↓↓↓
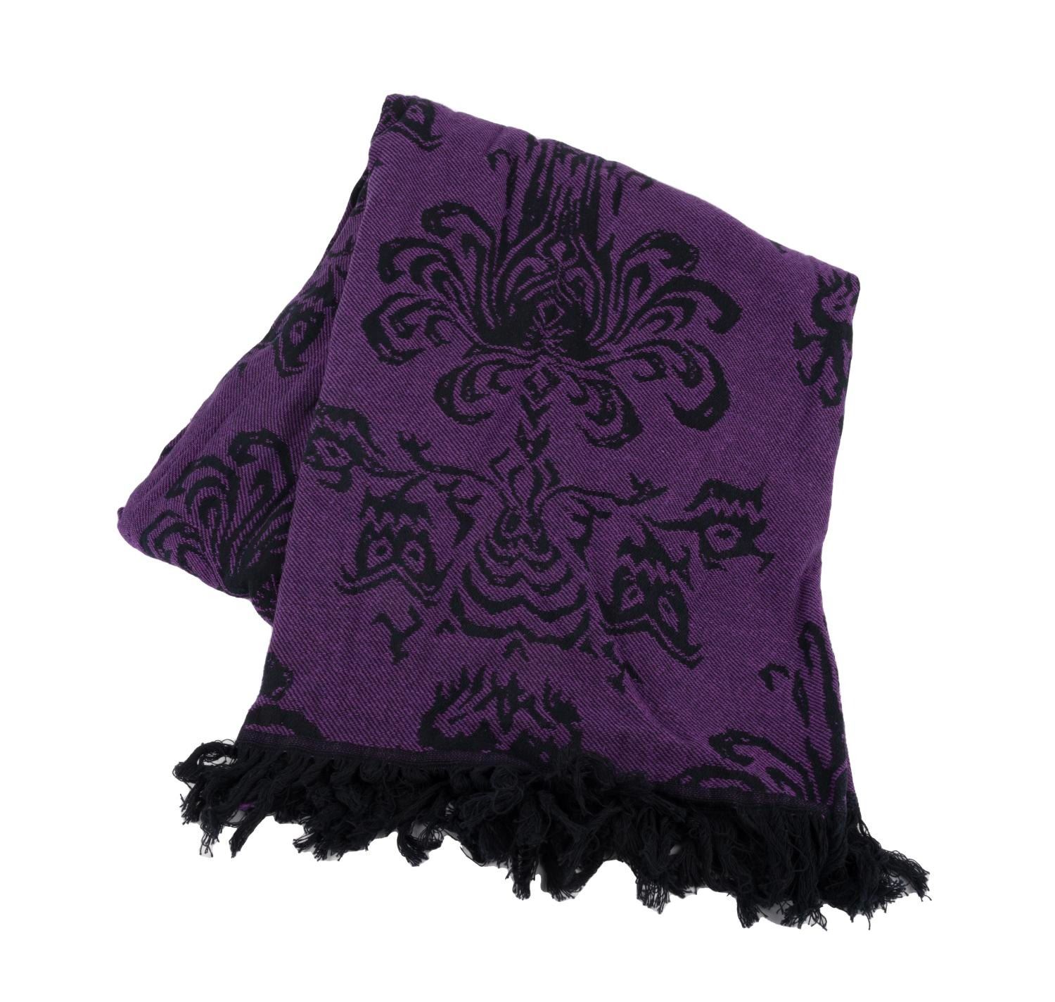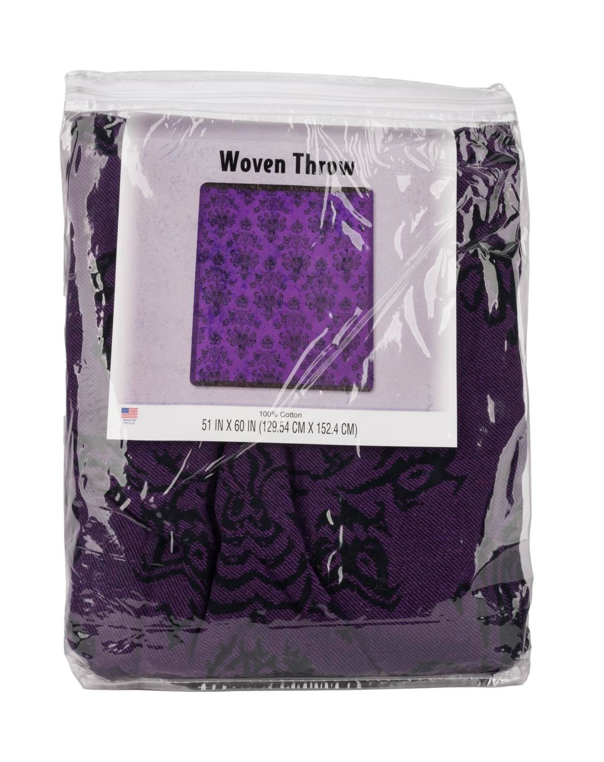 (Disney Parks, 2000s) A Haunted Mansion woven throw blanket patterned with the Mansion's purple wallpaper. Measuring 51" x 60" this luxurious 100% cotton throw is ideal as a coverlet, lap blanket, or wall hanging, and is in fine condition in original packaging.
↑↑↑
↓↓↓
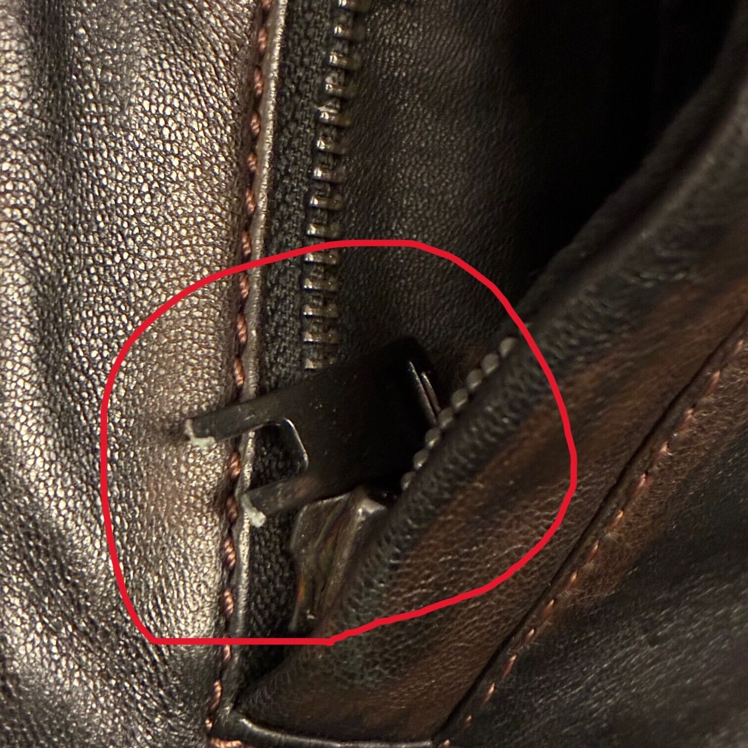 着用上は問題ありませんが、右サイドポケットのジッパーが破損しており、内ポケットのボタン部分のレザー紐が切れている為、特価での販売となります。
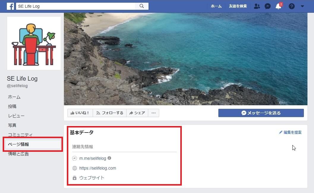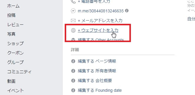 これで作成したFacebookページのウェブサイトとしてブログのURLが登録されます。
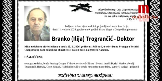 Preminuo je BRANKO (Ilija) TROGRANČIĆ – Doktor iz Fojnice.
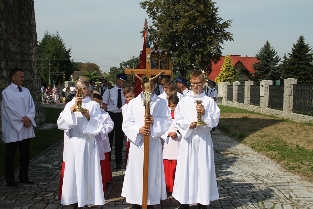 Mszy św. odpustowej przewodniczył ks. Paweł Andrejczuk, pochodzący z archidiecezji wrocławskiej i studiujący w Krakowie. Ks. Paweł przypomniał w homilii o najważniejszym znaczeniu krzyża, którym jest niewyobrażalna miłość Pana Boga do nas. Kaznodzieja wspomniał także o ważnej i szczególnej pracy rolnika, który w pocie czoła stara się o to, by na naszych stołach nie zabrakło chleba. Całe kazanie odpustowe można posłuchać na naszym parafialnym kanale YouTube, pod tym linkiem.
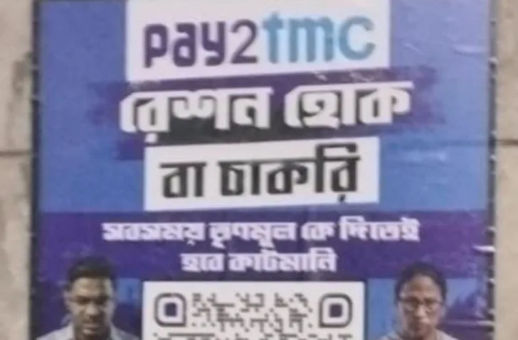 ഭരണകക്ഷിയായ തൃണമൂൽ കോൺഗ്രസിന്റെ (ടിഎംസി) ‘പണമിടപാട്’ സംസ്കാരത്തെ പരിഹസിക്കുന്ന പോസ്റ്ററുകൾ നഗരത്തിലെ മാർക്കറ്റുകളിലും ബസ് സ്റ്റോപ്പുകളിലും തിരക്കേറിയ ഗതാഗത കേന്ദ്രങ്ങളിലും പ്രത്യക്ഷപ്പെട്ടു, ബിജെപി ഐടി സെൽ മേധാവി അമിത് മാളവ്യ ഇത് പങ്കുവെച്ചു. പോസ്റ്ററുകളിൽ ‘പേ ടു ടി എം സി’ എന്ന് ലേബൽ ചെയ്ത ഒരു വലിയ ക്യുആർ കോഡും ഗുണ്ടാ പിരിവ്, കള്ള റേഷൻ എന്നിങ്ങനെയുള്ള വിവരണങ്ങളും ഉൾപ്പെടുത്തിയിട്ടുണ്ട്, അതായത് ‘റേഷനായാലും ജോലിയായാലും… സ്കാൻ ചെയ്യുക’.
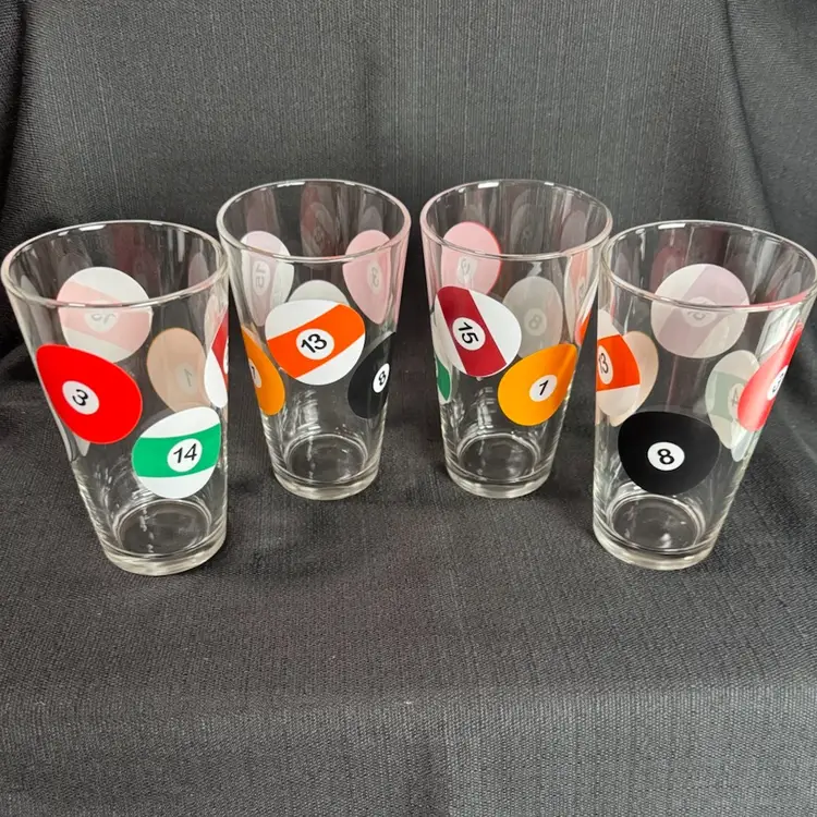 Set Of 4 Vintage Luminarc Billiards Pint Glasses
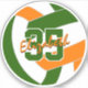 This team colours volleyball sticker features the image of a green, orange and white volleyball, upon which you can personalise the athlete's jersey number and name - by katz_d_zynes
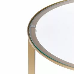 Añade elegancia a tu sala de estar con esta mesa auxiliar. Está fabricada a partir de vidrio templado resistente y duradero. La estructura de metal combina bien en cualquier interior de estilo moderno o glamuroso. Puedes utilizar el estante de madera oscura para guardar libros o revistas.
↑↑↑
> **Exercise brief**
Starting with the line that has "Set Of 4 Vintage" and ending with the line that has "Añade elegancia a", repeat the lines above exactly, omitting every picture.

> **The completed task**
 Set Of 4 Vintage Luminarc Billiards Pint Glasses
 This team colours volleyball sticker features the image of a green, orange and white volleyball, upon which you can personalise the athlete's jersey number and name - by katz_d_zynes
 Añade elegancia a tu sala de estar con esta mesa auxiliar. Está fabricada a partir de vidrio templado resistente y duradero. La estructura de metal combina bien en cualquier interior de estilo moderno o glamuroso. Puedes utilizar el estante de madera oscura para guardar libros o revistas.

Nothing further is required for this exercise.